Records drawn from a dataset
= Beginning of Section =

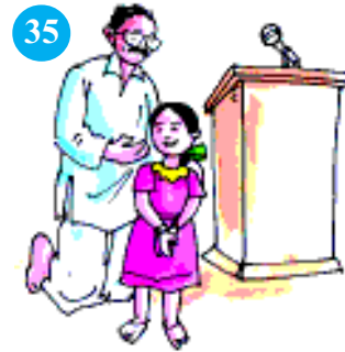
Right to get equal cultural opportunities
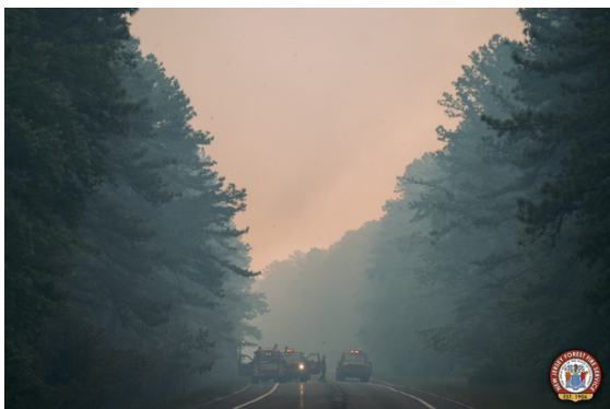
Pine Barrens wildfires closed much of the Garden State Parkway during this year’s NJLA conference. Photograph New Jersey Forest Fire Service (Facebook page).

A Code Blue alert allows at-risk people to rest in a warming center until the Code Blue ends. The warming center could be a municipal building, a senior center, a public library, or other building; they do not have to provide beds.
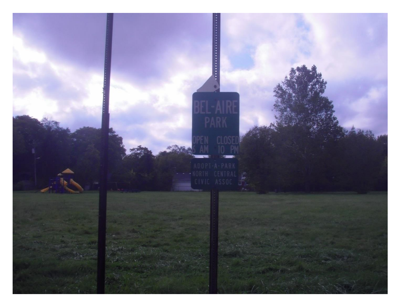
Figure 19. Sign for Bel Aire Park with playscape in background and adopt a park partner North Central Civic Association named, but actions not apparent.
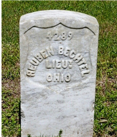
Vicksburg
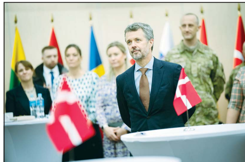
Denmark's King Frederik X meets Danish soldiers and their families at NATO's multinational corps headquarter in Szczecin, Poland on Feb 2.
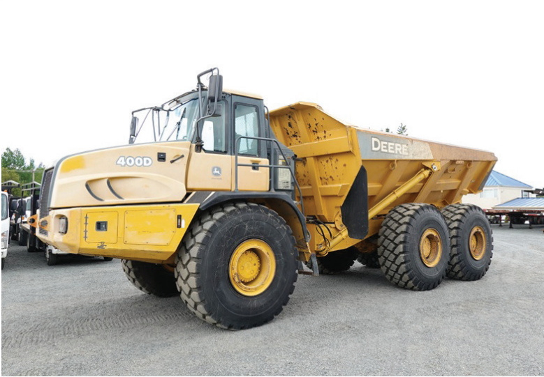
2004 JOHN DEERE 400D
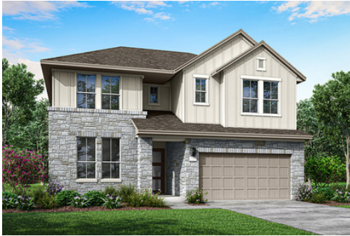
EXTERIOR STYLE J

2,864 Sq. Ft. | 4 Bed | 3 Bath | 2 Bay Garage | +Flex & Game Room
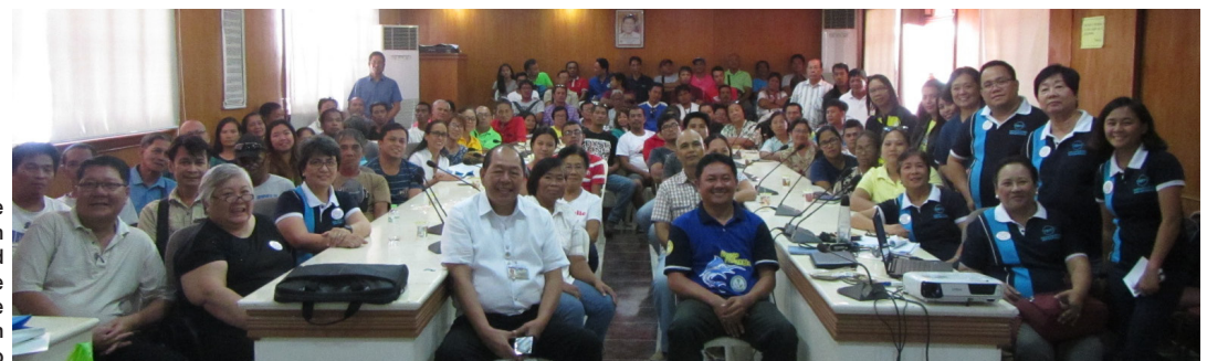
SEAFDEC/AQD resource persons and participants (from the LGU, private sector and academe) of the Aquaculture Technology Forum during the 61st Aklan Day celebration
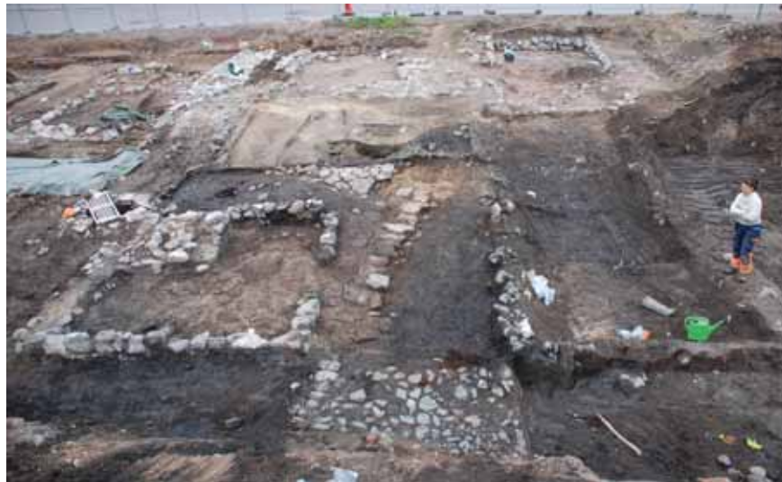
Figure 3. The smithy on plot no. 284.

In a register from 1742 Hallberg is identified as a blacksmith in the countryside outside Kalmar, but in 1750 he was counted among the master blacksmiths of Kalmar. These sources don't deliver any waterproof evidence of Anders Hallberg's whereabouts, but they definitely indicate that he lived in Kalmar many years before he moved to plot no. 284. There seems thus to have been a time lap here between the building of the forge and the presence of a blacksmith living on the same plot.
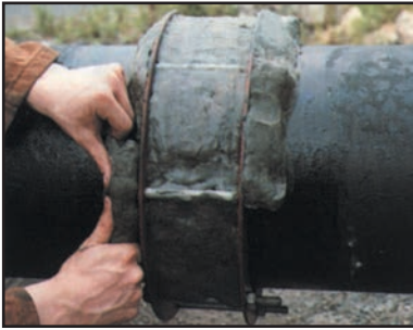
Profiling and infilling with Densyl Mastic
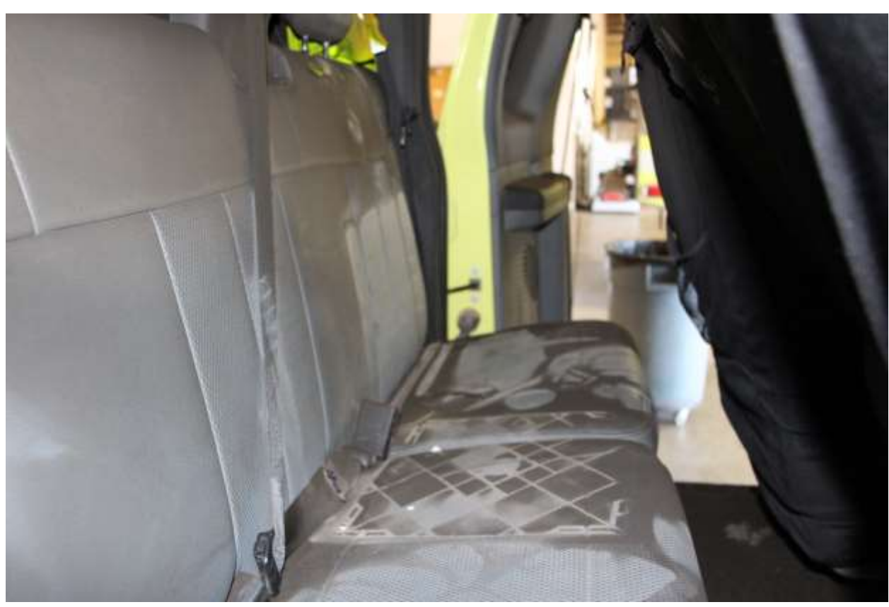
Smoke damage to back seat of cab.
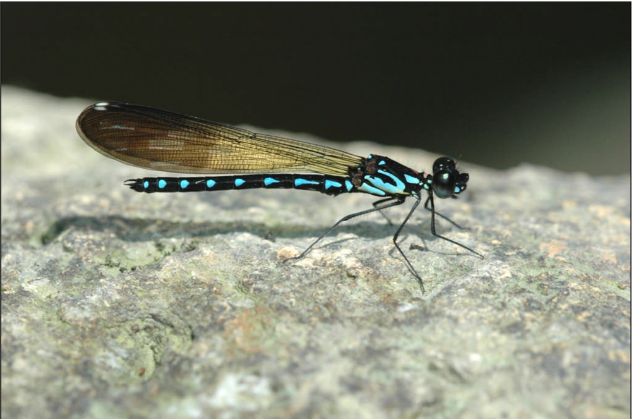
Figure 3. Heliocypha perforata – the first odonate recorded from Hainan, described by Baron de Selys Longchamps in 1873
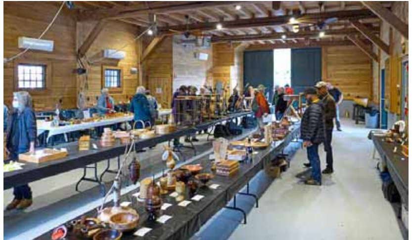
Over 150 fine woodworking items were on display

Many members from the Albany area provided assistance during the day, along with their display items and donations to the sales table.
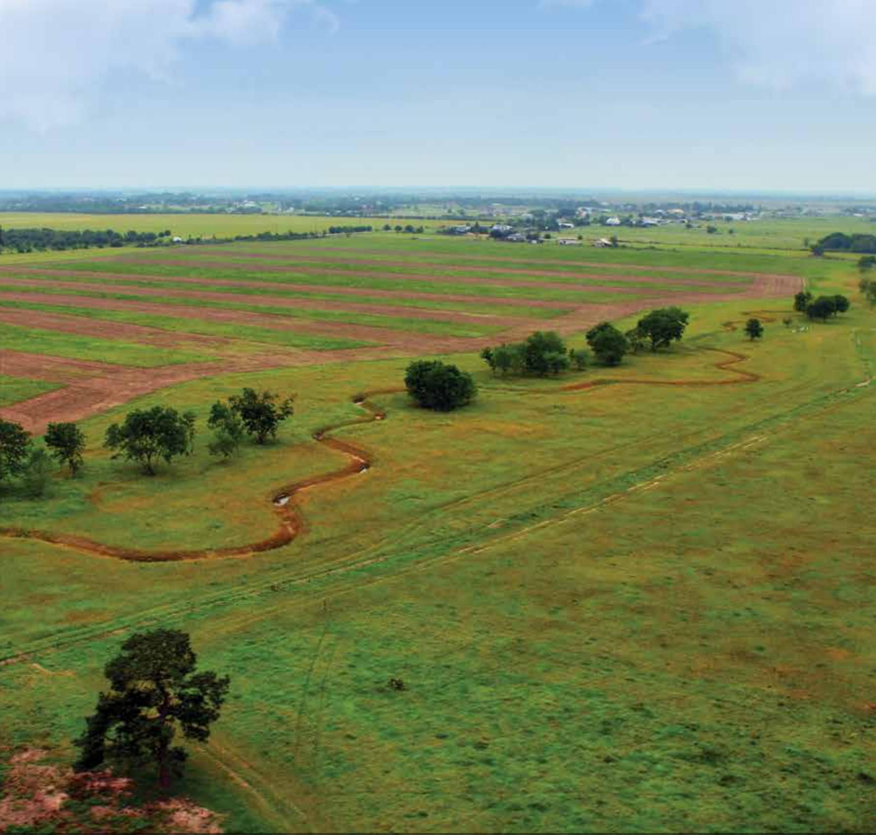
The Katy Prairie Stream Mitigation Bank, Warren Ranch, Harris County, Texas
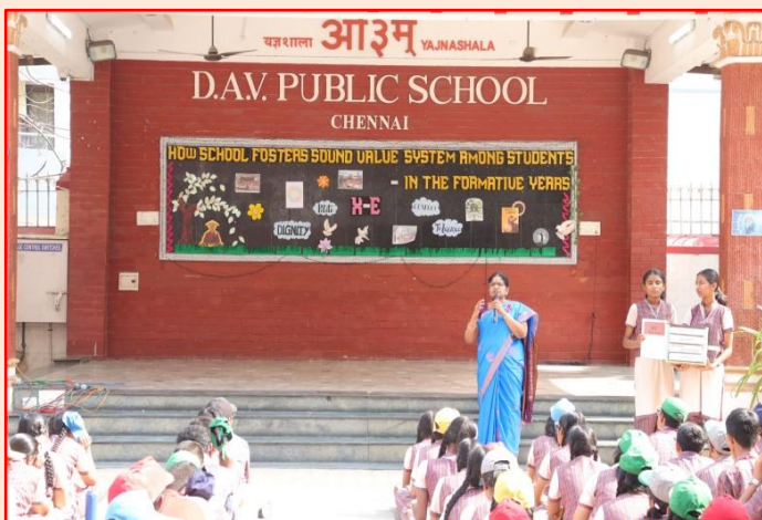
Words of Treasure – A Positive Reinforcement
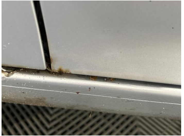
10: Door nsf Rusted UpTo 5mm
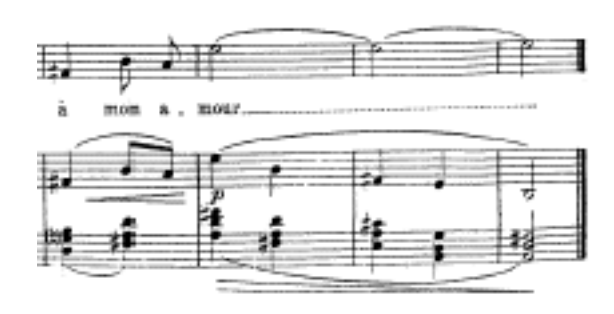
FIGURE 2.37: Una lirica giapponese , measures 62-64.

Santoliquido indicates that Una lirica Giapponaise should be performed andantino misterioso (at a walking tempo and mysterious), although one should be cautioned against too slow of a tempo. A quarter note equaling approximately 75 gives the performers the ability to make rubato while still allowing the song to maintain it's andantino quality.

= End of Section =

(What needs to be done):
Look above for the line with "EXTERIOR STYLE J" and the line with "Over 150 fine", then copy them and all lines in between exactly as written, and only those, without any pictures.

(Reply to the exercise):
EXTERIOR STYLE J

2,864 Sq. Ft. | 4 Bed | 3 Bath | 2 Bay Garage | +Flex & Game Room
SEAFDEC/AQD resource persons and participants (from the LGU, private sector and academe) of the Aquaculture Technology Forum during the 61st Aklan Day celebration
Figure 3. The smithy on plot no. 284.

In a register from 1742 Hallberg is identified as a blacksmith in the countryside outside Kalmar, but in 1750 he was counted among the master blacksmiths of Kalmar. These sources don't deliver any waterproof evidence of Anders Hallberg's whereabouts, but they definitely indicate that he lived in Kalmar many years before he moved to plot no. 284. There seems thus to have been a time lap here between the building of the forge and the presence of a blacksmith living on the same plot.
Profiling and infilling with Densyl Mastic
Smoke damage to back seat of cab.
Figure 3. Heliocypha perforata – the first odonate recorded from Hainan, described by Baron de Selys Longchamps in 1873
Over 150 fine woodworking items were on display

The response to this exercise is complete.